ALBUQUERQUE, N.M. (AP) - After repeated failures over decades, U.S. wildlife officials have finally drafted a recovery plan for endangered wolves that once roamed parts of the American Southwest and northern Mexico.
The U.S. Fish and Wildlife Service is under a court order to complete the plan for the Mexican gray wolf by the end of November.
The draft document released Thursday calls for focusing recovery of the wolves in core areas of the predators’ historic range. That means south of Interstate 40 in the two states and in Mexico. The document also addresses threats, such as genetic diversity.
“At the time of recovery, the service expects Mexican wolf populations to be stable or increasing in abundance, well-distributed geographically within their historical range, and genetically diverse,” the agency said in a statement.
The recovery plan is a long time coming as the original guidance for how to restore wolves to the Southwest was adopted in 1982.
The lack of a plan has spurred numerous legal challenges by environmentalists as well as skirmishes over states’ rights under the Endangered Species Act.
Acknowledging the discord, regional Fish and Wildlife Service officials say the proposed recovery plan calls for more agreements between states and the federal government regarding how many wolves are released into the wild, where they are released and over what time period.
Fish and Wildlife has suggested that a population of at least 320 Mexican gray wolves would have to survive in the wild over a period of several years before the species can be considered recovered. That’s nearly three times the number of wolves currently in New Mexico and Arizona.
Environmentalists have pushed for years for more captive wolves to be released, but ranchers and elected leaders in rural communities have pushed back because the predators sometimes attack domestic livestock and wild game.
Last year, the Interior Department’s internal watchdog said Fish and Wildlife had not fulfilled its obligation to remove Mexican gray wolves that preyed on pets and cattle.
The state of New Mexico has multiple complaints about the way the program has been managed, and in 2015 it refused to issue a permit to Fish and Wildlife to release more of the predators in the state.
In a case that went before a federal appeals court, New Mexico and 18 other states argued that the Endangered Species Act requires the Fish and Wildlife Service to cooperate with them on how species are reintroduced within their borders. Federal attorneys contended that the law allows the agency to go around a state, if necessary, to save a species.
The court lifted an injunction that prohibited releases in New Mexico, but the overall merits of the case are still pending in district court.
There are now more of the wolves roaming the Southwest than at any time since the federal government began trying to reintroduce the animals nearly two decades ago.

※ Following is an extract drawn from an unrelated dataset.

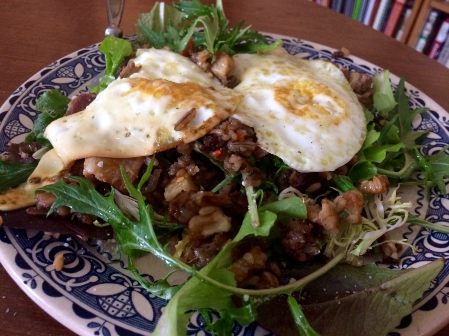 Blasted ice biking, rice and beans, and kale-egg-toast

The most recent annual survey shows at least 113 wolves spread between southwestern New Mexico and southeast Arizona.
Environmentalists said Thursday the criteria for delisting the species sets the bar too low and goes against previous recommendations that called for establishing populations in the Grand Canyon area and as far north as Colorado.

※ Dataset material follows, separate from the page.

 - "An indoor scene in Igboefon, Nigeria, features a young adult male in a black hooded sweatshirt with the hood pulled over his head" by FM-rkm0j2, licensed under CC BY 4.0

Michael Robinson with the Center for Biological Diversity blamed heavy-handed management by federal wildlife managers as one of the reasons wolf numbers have remained low.
“The states and federal government will eventually figure out they’re going to need to kill fewer wolves and introduce more genetically valuable wolves if the population is going to grow,” he said.
Bryan Bird with the group Defenders of Wildlife suggested politics, more than science, influenced the plan.
“It’s a backroom deal with the states that resist wolf recovery and fail to understand the transformational benefits to the entire landscape when Mexican gray wolves thrive,” Bird said.
Federal officials have scheduled four meetings in New Mexico and Arizona to gather public comments on the proposal.